Worker - President Nicolas Maduro and Maria Griman, spokeswoman of the National Commission of Council of Productive Workers. | Central Bolivariana Socialista de Trabajadores \[CBST\]

Caracas, Venezuela – Dozens of Venezuelan trade unions representing public and private sectors ranging from national oil company workers to educators to motorcycle taxistas joined together in the Constituent Congress of the Working Class on December 15-17 in Caracas. They gathered as the culmination of over 22,000 assemblies of workers throughout the country involving nearly 67,000 elected delegates from October to December.

A spokeswoman, Maria Griman, from National Commission of Council of Productive Workers, the Hydro-carbons sector, presented to President Nicolas Maduro a list of four proposals. The first proposal is a president-appointed National Commission of Worker Transition (CENOT) that would have the power to direct the renovation of the methods, organization and leadership of all levels, sectors and structures of the federation of trade unions, Central Bolivariana Socialista de Trabajadores (CBST). The CBST, founded in 2008, represented nearly 1.5 million workers. The second proposal provides a timeline for the CENOT’s implementation so that a presentation of the plan for transition is presented within 20 days and the transition needs to happen within 18 months. Importantly, this plan also includes that the criteria for union leadership is that the member is active at the job site and there is a mechanism for recall.

The third proposal called for the re-launching of the Jesus Rivero Bolivarian University for Workers.
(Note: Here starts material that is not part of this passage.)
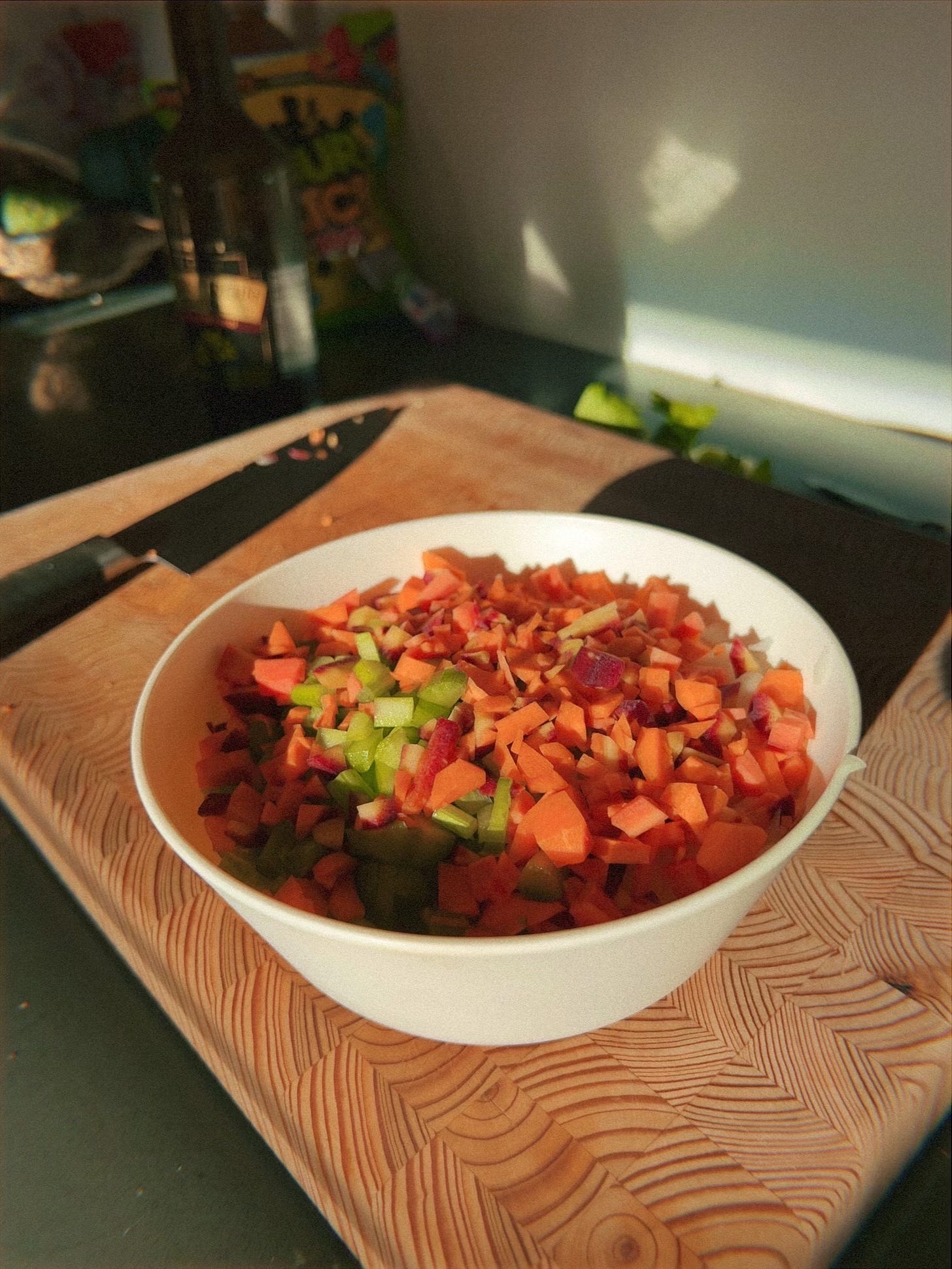so you’re anxious about cooking. about how high to turn the burner and when. what is a large onion. how many carrots in a half cup. what is a simmer. what is a fine dice. why doesn’t this taste good. how do i fix it.

The fourth proposal called for the creation of a National School for workers with a syllabus containing classes in production management, political economy, the history of Venezuela, science and technology and innovation.

Eduardo Pinate, minister of Popular Power, shared to President Maduro, that “those here are the expression of worker democracy, democracy at the base, direct democracy. These delegates were elected with working class methods by their base assemblies.”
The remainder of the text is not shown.